PRIX DECOUVERTE 2003 :
L'ultime voyage pour Lampedusa, Dominique GIANINO

 

Eté  1993
Pendant que la guerre fait rage en Yougoslavie, en Afghanistan, que la terreur s'installe en Algérie et que le Moyen-Orient se trouble de plus en plus, sur Lampedusa la Blanche, île italienne perdue au large de la Tunisie, l'ennui s'enracine autant que les passions s'exacerbent. C'est là que vit Catarina, coincée entre un époux désabusé et alcoolique et une belle-mère acariâtre. C'est aussi là que vit depuis toujours, Gino, le fossoyeur de l'île qui recueille avec dévotion les corps des marins naufragés et anonymes. Le présent s'étire mollement sous un soleil implacable et à l'ombre d'un passé dont vendetta, omerta et guérilla clanique ont fait le ciment de l'île et de ses habitants.
Un jour de tempête, la mer enragée ramène sur l'île les vestiges d'un passé qui portera un coup fatal à ce monde crépusculaire.
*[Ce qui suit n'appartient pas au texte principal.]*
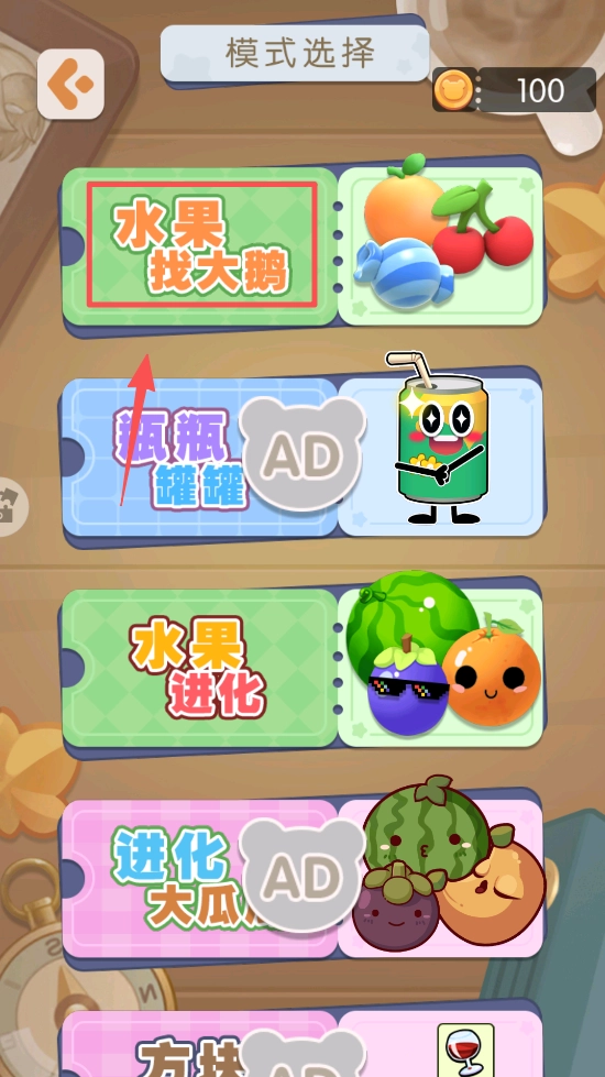 在“模式選擇”界面,你可以點(diǎn)擊“水果找大鵝”這類模式,挑選出自己喜歡的游戲模式。

Après quelques années de théâtre amateur et une licence de Lettres Modernes, Dominique Gianino entre comme contrôleur aux PTT, publie dans diverses revues quelques articles, poèmes et nouvelles et obtient quelques prix et mentions dans divers concours, passe une maîtrise sur L'homme qui rit de Victor Hugo, un DEA et un doctorat de littérature sur le Thème du masque dans la littéraure romantique avant de s'orienter vers l'histoire où elle prépare une licence puis une maîtrise sur la voyance au dix-neuvième siècle et un DEA sur les fêtes du second empire. Aimant la littérature et la musique, la peinture et la poèsie, le théâtre et l'opéra, l'histoire et le fantastique, elle tente de réunir ces diverses passions dans les thèmes de ses romans, pièces ou nouvelles.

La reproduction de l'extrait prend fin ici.